ISLAMABAD: Relations between Washington and Islamabad have touched their lowest ebb since Pakistan became an American ally in the war on terror in 2001, especially after Afghan President Hamid Karzai’s statement that he could send troops across the border, which Pakistan believe was actually a message coming from the United States.

Well place diplomatic circles in Islamabad say that Hamid Karzai has actually spoken on behalf of the Bush administration which has lately increased pressure on Pakistan by opposing its peace accords with the Taliban militants and launching air strikes in the tribal areas bordering Afghanistan.

These circles say the main problem is the American demand that its own forces would carry out operations against militants inside the Pakistani territory, which Islamabad has resisted saying its own troops would conduct such operations in Pakistan. The deadlock has thus caused friction in the Pak-US ties and their relationship has become uncertain following two recent cross border air strikes that killed several people.

The diplomatic circles in Islamabad are of the view that the recent peace deals signed by the new government twin with Taliban militants in the border areas effectively reversed the anti-terror policy Musharraf had been pursuing at the behest of the US — no reprieve or respite to militants until they surrender or are decimated.
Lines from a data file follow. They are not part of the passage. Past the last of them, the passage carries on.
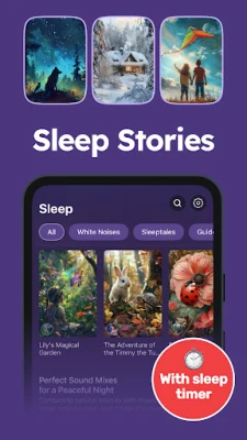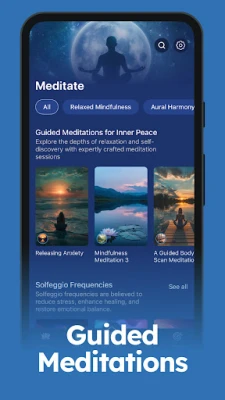 Потопете се в обширна колекция от релаксираща музика – от класически мелодии до нежни китарни и пиано изпълнения, идеални за всеки ваш момент. Подобрете съня си с приспивни песни за бебета, бял шум и естествени звуци като морски вълни, дъжд и птичи песни, които можете да смесвате по свой вкус. Отдайте се на вълшебството на нашите завладяващи истории за сън, създадени да приспиват нежно както малчугани, така и възрастни. За подобряване на фокуса, Serene предлага специално подбрани lo-fi мелодии и амбиентни звуци, докато колекцията ни от медитативни честоти, включително тези, вдъхновени от Никола Тесла и планетарни резонанси, ще задълбочи вашата практика за медитация.
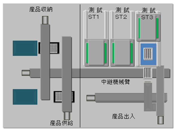 氣壓傳感器的溫度特性檢查設備。產品由托盤供料,160個単位檢查後,収納托盤,NG BOX選擇進行回収。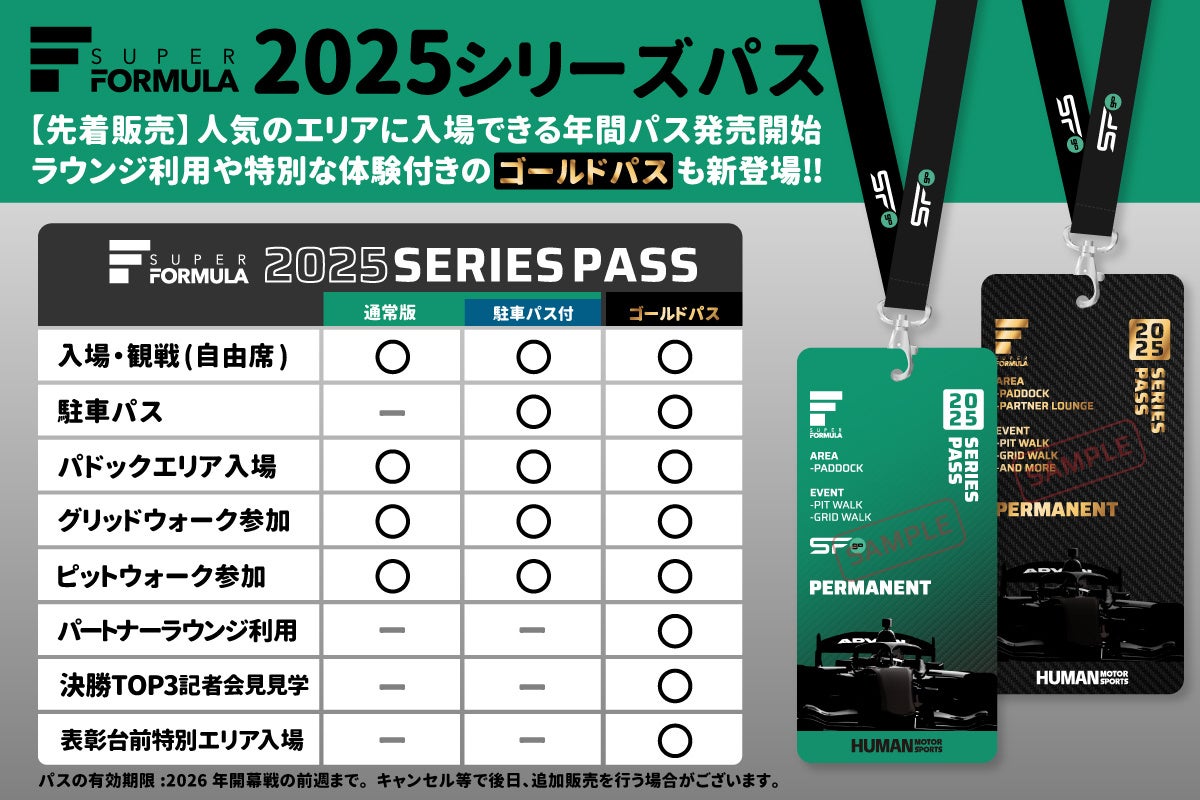 3 月 7 日(金)・ 8 日(土)・ 9 日(日)に鈴鹿サーキットで開幕を迎える 2025 シーズンの SUPER FORMULAは全 7 大会のうち 5 大会が金曜日にフリー走行、土曜日・日曜日ともに予選・決勝が行われる 2 レース制となり、お楽しみいただける機会が大幅に増加します。今回発売する「2025 シリーズパス」は、全大会でレーシングドライバーの活躍を最も近くでご覧いただける体験を全て詰め込んだ、大変魅力的な商品や、VIP エリアでの観戦やお食事が出来る「パートナーラウンジ利用」 、関係者のみが入れる「決勝 TOP3会見見学」等プレミアムな体験が出来る「ゴールドパス」もご用意しております。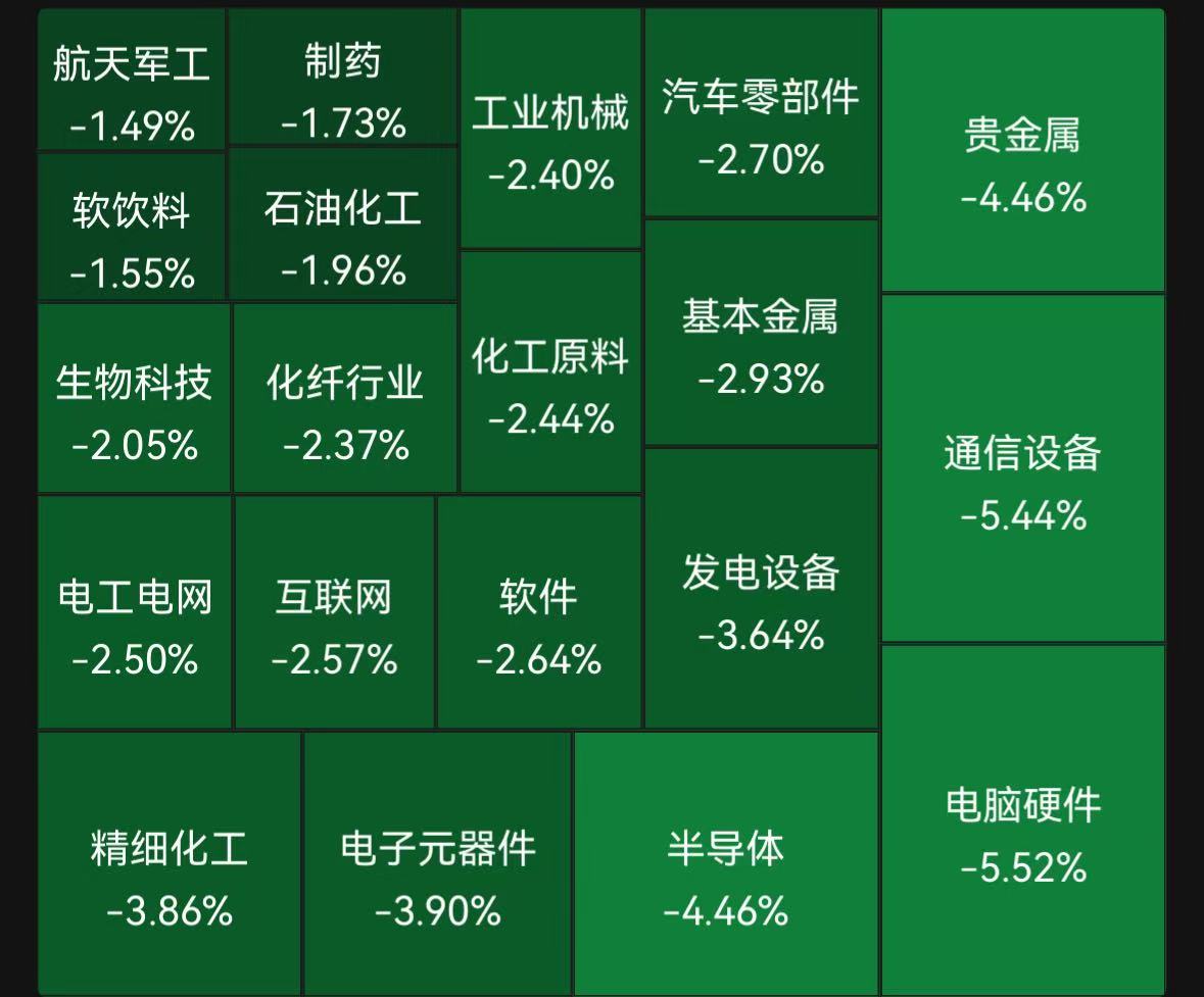 A股市场上,午后贵金属、有色金属个股应声下跌;截至当日收盘,贵金属行业板块下跌4.46%,基本金属板块收跌2.93%,其中盛达资源下跌8.39%、洛阳钼业、兴业银锡跌超7%、江西铜业下跌6.81%、紫金矿业下跌5.75%、四川黄金、赤峰黄金等多只个股跌超4%。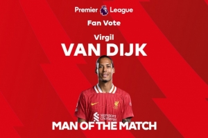 本場(chǎng)比賽范迪克打進(jìn)制勝進(jìn)球,賽后他也當(dāng)選英超官方球迷票選出的本場(chǎng)最佳球員。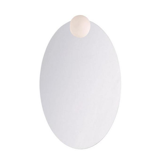 Elevated minimalism meets an ethereal edge with this frameless mirror's simple oval shape and opal glass orb. The protruding globe illuminates your space with its abstract design, elevating the classic mirror's feel with a more artistic touch. A soft glow emanates from the back of the mirror, enveloping its elongated shape in a halo of light. Equipped with convenient touch-screen technology, use the subtle bottom buttons to dim lights and activate the defogging feature that elevates your daily routine.

And the American anger was reflected in the Pentangon’s recent statement that: “Pakistan should make sure the peace deals are worth more than the paper they are written on”. However, the Pakistani foreign office circles in the federal capital justify the Military-Militants peace deals, saying the bloody wave of suicide bombing has almost stopped across Pakistan since the new government took over and started negotiations with the militants to positively engage them.

Since 2003, the foreign office circles say, the Pakistan army has lost around 1,200 soldiers fighting the militants in tribal areas, as compared to less than half of that number of lives lost by the Allied forces from Oct 2001. “Yet the US and its allies never stop demanding that Islamabad should do more in the war on terror”.

Even otherwise, they add, it is because of Pakistan’s role in the war on terror that Islamabad had to decrease troop deployment along its unfriendly borders with India. In comparison, they pointed out, the US has deployed 30,000 troops and 38 other countries another 47,000 in the battlefields of Afghanistan.